__Input material__
<<<<
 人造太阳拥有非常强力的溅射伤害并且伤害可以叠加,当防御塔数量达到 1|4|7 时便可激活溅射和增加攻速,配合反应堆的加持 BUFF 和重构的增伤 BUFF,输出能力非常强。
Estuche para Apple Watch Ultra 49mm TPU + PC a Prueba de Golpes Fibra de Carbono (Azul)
>>>>
<<<<
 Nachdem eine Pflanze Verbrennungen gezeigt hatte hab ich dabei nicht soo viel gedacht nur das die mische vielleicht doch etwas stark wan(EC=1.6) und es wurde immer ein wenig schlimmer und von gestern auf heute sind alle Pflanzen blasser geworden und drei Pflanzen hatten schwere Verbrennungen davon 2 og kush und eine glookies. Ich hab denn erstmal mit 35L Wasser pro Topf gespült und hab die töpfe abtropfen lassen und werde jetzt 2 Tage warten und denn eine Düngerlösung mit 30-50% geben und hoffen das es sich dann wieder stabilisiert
>>>>
__Task prompt__
There is a line with "人造太阳拥有非常强力的溅射伤害并且伤害可以叠加,当防御塔数量达到 1|4|7 时便可激活溅射和增加攻速,配合反应堆的加持" and a line with "Estuche para Apple" above. Copy exactly those two lines and all lines between them, with nothing else.

__Written solution__
 人造太阳拥有非常强力的溅射伤害并且伤害可以叠加,当防御塔数量达到 1|4|7 时便可激活溅射和增加攻速,配合反应堆的加持 BUFF 和重构的增伤 BUFF,输出能力非常强。
Estuche para Apple Watch Ultra 49mm TPU + PC a Prueba de Golpes Fibra de Carbono (Azul)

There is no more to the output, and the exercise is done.